Третьякова тихо охнула.
–Сиротами? – повторил Егор Тимофеевич.
–Да, бездомными сиротами. – утвердительно кивнула Маша.
–Владимир, не прилично старосте такими словами разбрасываться. – отметил учитель.
–Разве я виноват? Их так вся школа прозвала – "двойняшки без папашки и мамашки". Я только повторил "старую народную мудрость".

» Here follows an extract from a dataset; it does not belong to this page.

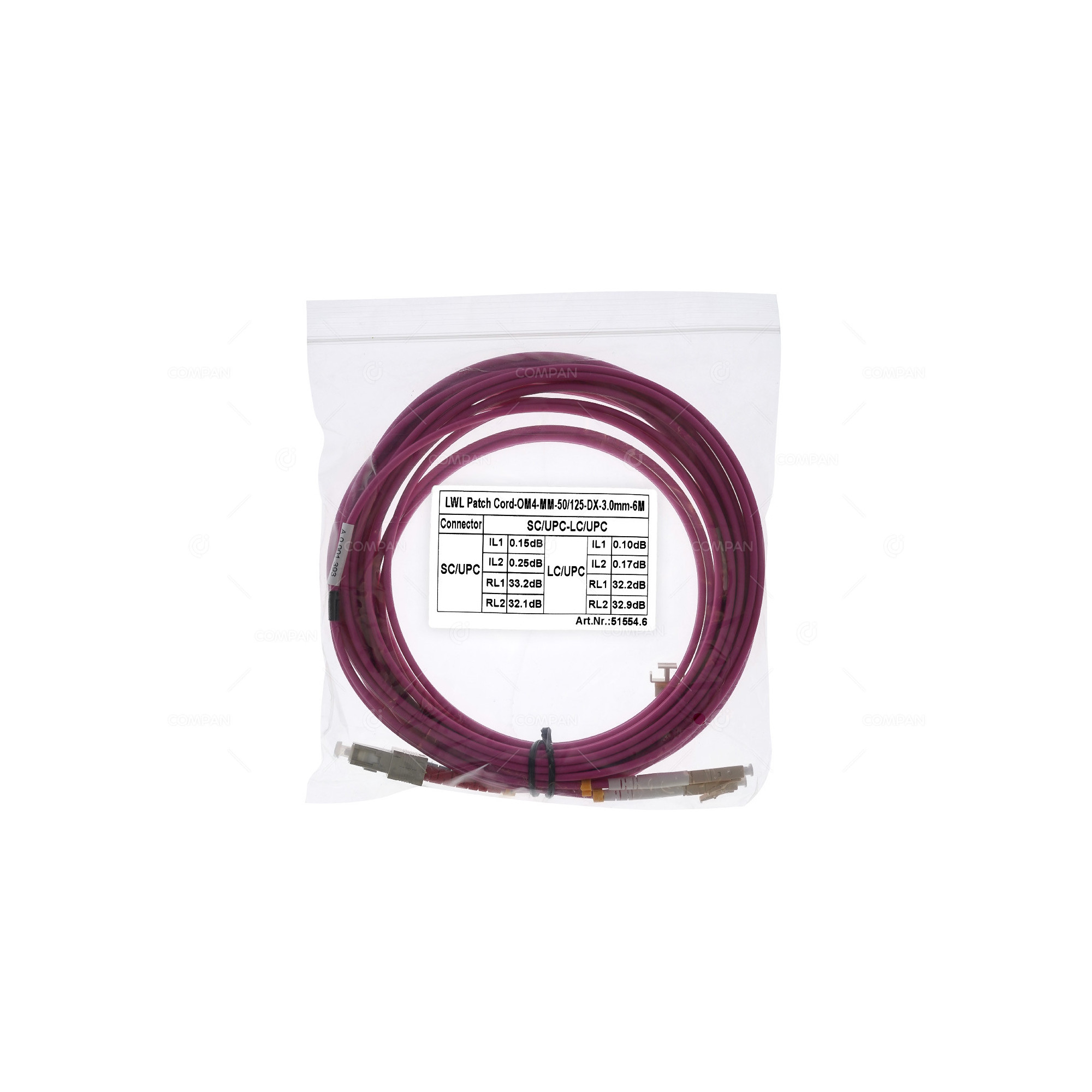 51554.6 FIBER OPTIC PATCH CORD MM OM4 50/125 SC/UPC-LC/UPC 6M

–Но ты же староста, староста! – грустно покачала головой Елизавета Ивановна. Она явно ошиблась в своем любимце. – Володя, неужели тебе, благовоспитанному умному мальчику, не стыдно говорить такие слова в лицо двум ребятам – твоим одноклассникам?
–Елизавета Ивановна, мне их конечно жаль. Но сами посудите, разве я виноват, что поезд с рельсов – хлоп, их батьку с мамкой в лепешку – шмяк? – как ни в чем не бывало, полу-шутливо продолжил Орловский.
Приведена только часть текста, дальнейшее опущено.